Material shown |
>>>

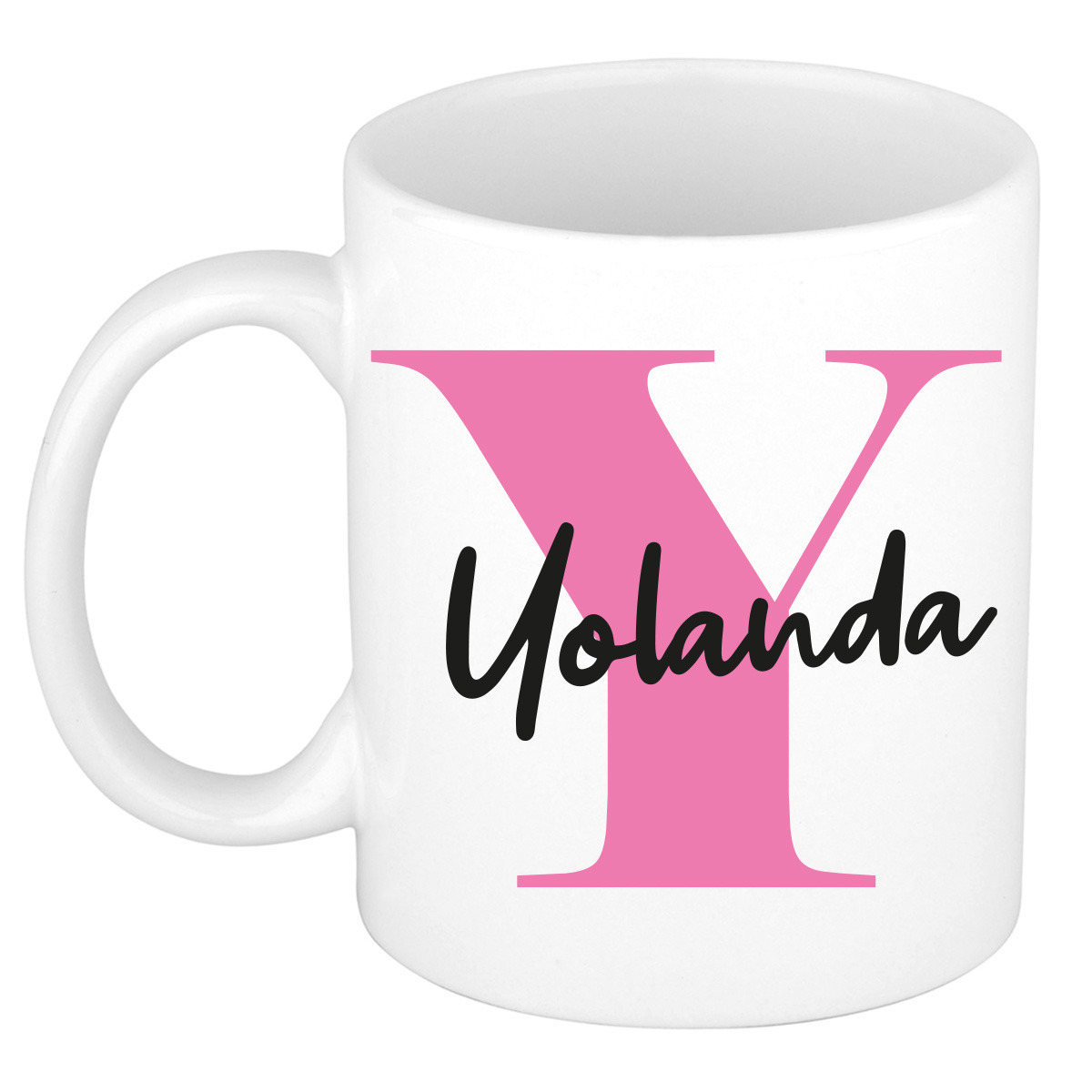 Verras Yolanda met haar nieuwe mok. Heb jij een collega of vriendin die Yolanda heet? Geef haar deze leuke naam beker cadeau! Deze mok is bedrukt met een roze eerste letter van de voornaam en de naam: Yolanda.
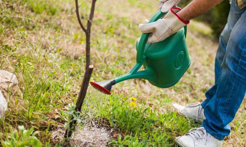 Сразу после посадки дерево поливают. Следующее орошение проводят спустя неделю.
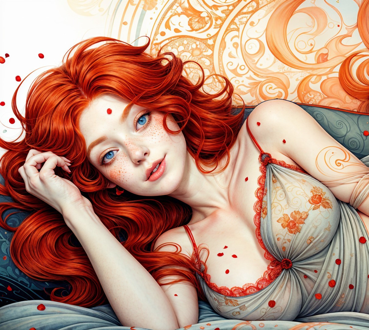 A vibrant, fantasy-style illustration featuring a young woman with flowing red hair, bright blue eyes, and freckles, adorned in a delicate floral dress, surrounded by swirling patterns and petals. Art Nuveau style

<<<
>>>

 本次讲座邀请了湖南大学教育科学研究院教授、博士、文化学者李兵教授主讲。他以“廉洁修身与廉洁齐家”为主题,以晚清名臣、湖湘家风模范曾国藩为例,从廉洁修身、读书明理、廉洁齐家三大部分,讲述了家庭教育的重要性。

<<<
>>>

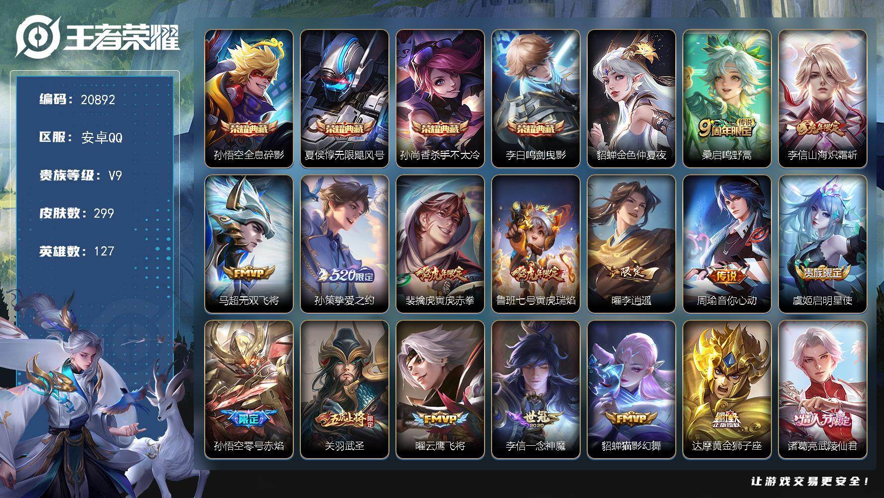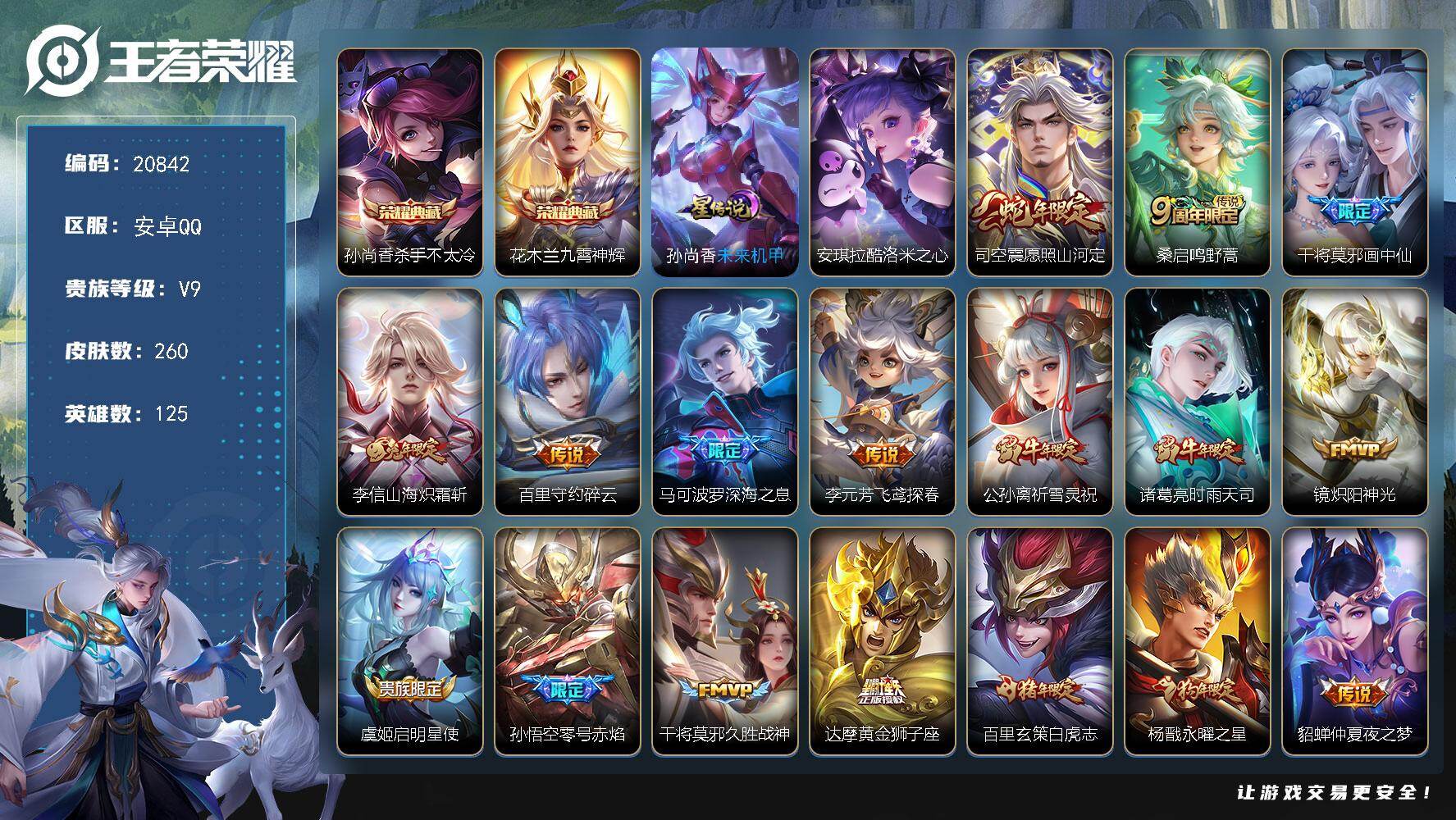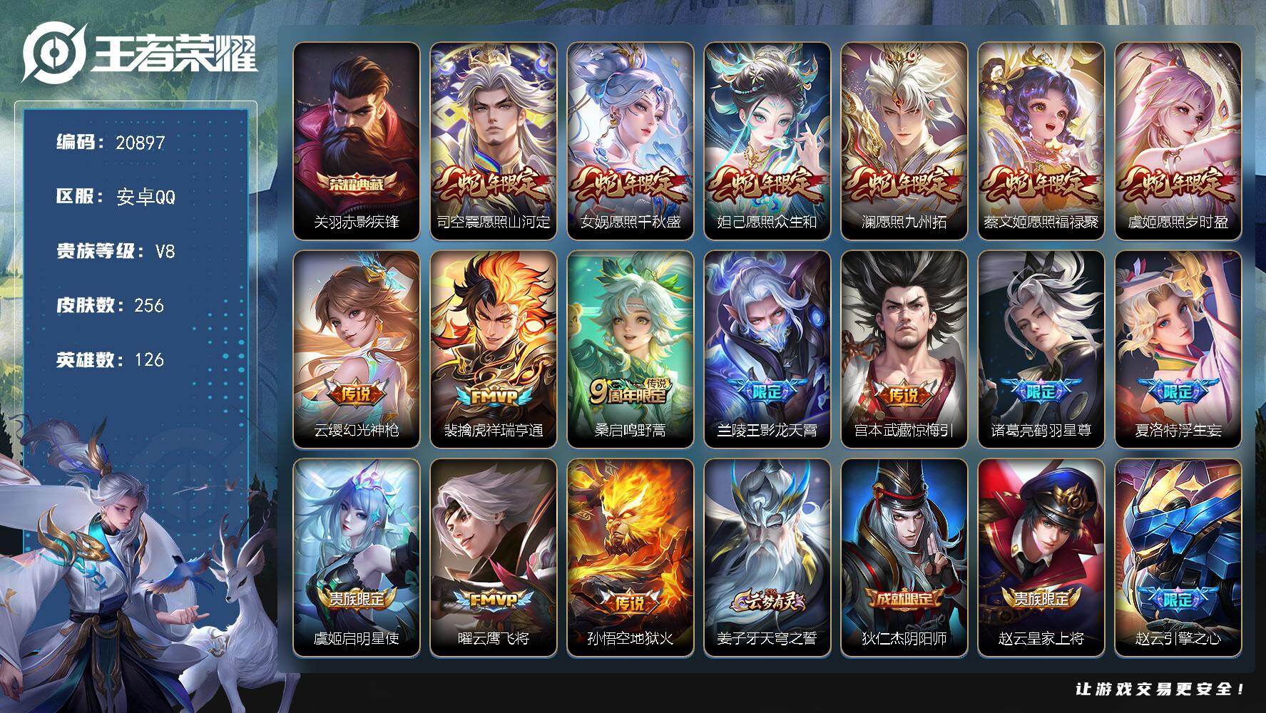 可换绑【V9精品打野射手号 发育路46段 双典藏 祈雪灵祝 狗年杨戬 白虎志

<<<

Task goal |
Each line from the one that contains "Verras Yolanda met" down to the one that contains "A vibrant, fantasy-style" is to be returned exactly as it stands above, both ends included, with pictures removed.

The completed task |
 Verras Yolanda met haar nieuwe mok. Heb jij een collega of vriendin die Yolanda heet? Geef haar deze leuke naam beker cadeau! Deze mok is bedrukt met een roze eerste letter van de voornaam en de naam: Yolanda.
 Сразу после посадки дерево поливают. Следующее орошение проводят спустя неделю.
 A vibrant, fantasy-style illustration featuring a young woman with flowing red hair, bright blue eyes, and freckles, adorned in a delicate floral dress, surrounded by swirling patterns and petals. Art Nuveau style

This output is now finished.